International Women’s Day (IWD) is far more than a date on the calendar; it is a global movement of collective activism belonging to everyone committed to human rights. In Bangladesh, while the journey toward equality began in the 1970s and gained momentum in the late 1980s, the theme for March 8, 2026 – “Give to Gain” – serves as a critical reminder. It tells us that giving – whether it is time, knowledge, or advocacy – is an intentional multiplication of support that allows the whole of society to rise.
Yet, in the landscape of modern Bangladesh, the narrative of gender equality is too often etched in the blood of the innocent, transforming our national conscience into a haunting “mirror of our justice system.” As we celebrate IWD 2026, we are forced to look into that mirror and confront the faces of those we have failed to protect.
Despite our perceived progress, recent horrifying accounts – the murder of an elderly grandmother in her own courtyard, the gang rape of her teenage granddaughter in a mustard field, and the haunting image of a seven-year-old child left to die with a slit throat – represent the ultimate failure of our social infrastructure. We often read these headlines, express a flash of temporary anger, and then allow the next news cycle to bury them. We treat these lives like “printed letters on paper” rather than human beings with dreams and dignity.

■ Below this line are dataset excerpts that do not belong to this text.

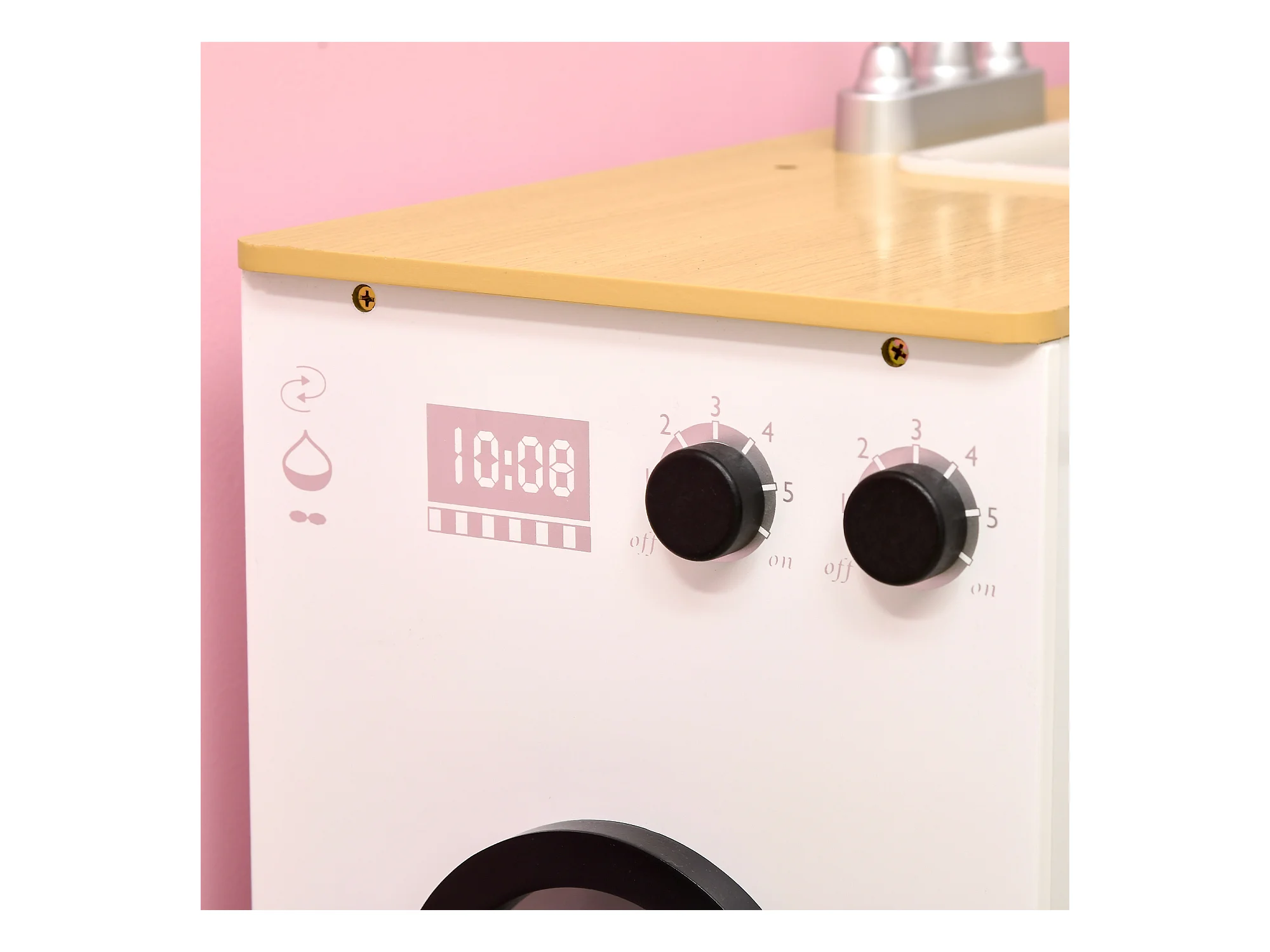 Set di Cucina SucceBuy per Bambini, Cucina di Gioco in Legno con Luci e Suoni, Gioco di Cucina con 24 Pezzi, Bianco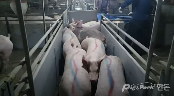 이 관계자는 농장에서 가장 손쉽게 출하성적을 개선하는 방법으로 현재 1등급 이상이 나오는 구간은 생체기준 105~129kg으로 개체별로 계근(체중 달기)해서 이 체중 구간에 출하할 경우 1등급 출현율을 80% 정도로 끌어 올릴 수 있지만 아직 대부분의 농가는 눈으로 체중을 짐작해 출하하고 있어 개선이 안 되고 있다고 안타까워했다.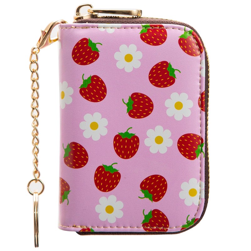 ANNAMISSI Rfid Credit Card Holder,Wallet Women Organizer Accordian Men Minimalist Wallet,Card Holder Keychain, Pink Strawberry, Multifunction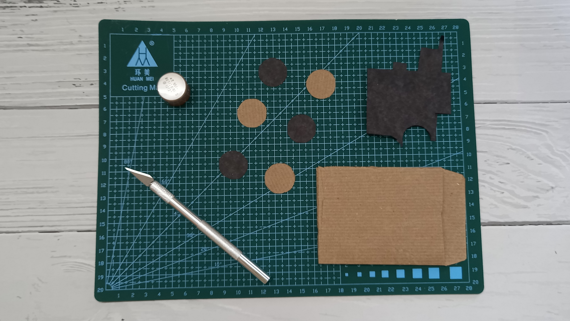 An exacto knife, a cutting board and kraft paper or scrap paper in the colour you want. I took a bit of black scrap paper I had and a brown envelope, which had been discarded.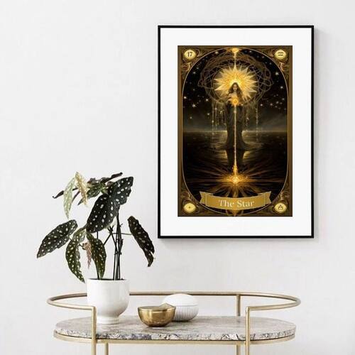 Quadro tarot star vintage - 60x48cm Cor: moldura preta Informações do produto tire todas as suas dúvidas no descritivo abaixo: decoração para quarto, sala, cozinha, escritório, área gourmet e muito mais. Chega de paredes vazias medidas - cada peça tem 60x48cm . Material do papel - papel fotográfico brilhante de altíssima resolução acabamento - todos os quadros são acompanhados de vidro para proteção da imagem. - moldura em madeira maciça na cor preta ou branca conforme produto escolhido e pendurador. - paspatur branco com 7cm de largura - os quadros são embalados de forma segura com plástico bolha com camada dupla de acordo com o tamanho dos quadros. Garantia - garantia de 3 meses. Meu quadro chegou. Como posso fixá-lo Você precisa apenas de um martelo e um prego, pois os quadros já vão acompanhados de penduradores. Esta é a forma mais indicada. Como posso limpar meu quadro A limpeza é feita como um móvel comum da sua casa. Apenas um pano seco ou espanador são suficientes para tal

These crimes do not happen in a vacuum. They are the outcome of a failed system where a woman’s safety depends largely on “luck.” Whether in a village or a city, isolation still breeds fear and nightfall still signals risk. This social breakdown occurs because the “certainty of punishment” – not just its severity – is missing from our reality.
In our country, the staggering volume of unresolved rape and murder cases exposes a systemic failure where time has become the criminal’s greatest shield. When perpetrators realize justice can be deferred for years, they capitalize on the inevitable weakening of evidence and the exhaustion of witnesses, effectively erasing any fear of consequence. This “loophole of time” is widened by chronic investigative negligence, delayed charge sheets, and a critical lack of witness protection – often exacerbated by political interference that pressures grieving families into silence. Beyond the courtroom, the crushing weight of prolonged legal battles breaks the spirit of families, while the “fear of dishonor” forces many to suppress their trauma from the very start. We must transform our legal process from a marathon of exhaustion into a swift, inevitable path to resolution.
This struggle is not unique to the courtroom; it is reflected in our economic landscape. According to the World Bank’s Women, Business and the Law 2026 report, women’s economic opportunity laws are only about half-enforced worldwide. Globally, economies have just 47% of the systems needed to implement existing laws. These persistent gaps do not just disadvantage women; they stifle national growth by preventing societies from utilizing half of their human potential.
As a development worker, I see every day that gender equality requires more than sentiment; it requires structural transformation. To “Give to Gain,” we must move from a culture of silence to one of absolute accountability. This requires a multi-pronged approach: establishing fixed judicial timelines, depoliticizing investigations, and prioritizing the certainty of punishment through swift evidence protection. Simultaneously, we must dismantle harmful stereotypes through media and education, while fostering “social zero tolerance” within our communities to challenge discrimination as it happens. These efforts must be anchored by robust national databases to provide the evidence-based insights necessary to bridge the gap between policy and practice.
International Women’s Day belongs to the collective efforts of all who care about human rights. By giving our support – through visibility, advocacy, or resources – we gain a more interconnected world. We must build a system where justice is not a decades-long struggle, but a fundamental certainty.
While our new government charts an ambitious and visionary path for the development of Bangladesh, these grand plans will remain out of reach if we, the entire nation, are not prepared to transform our collective mindset. True progress is a two-way street; the state’s structures must be met by a citizenry ready to “Give to Gain.” Together, let us build a future where no woman’s or girl’s life is reduced to a headline, but is instead celebrated through her safety, her agency, and her brilliance.
The writer is a Development Professional.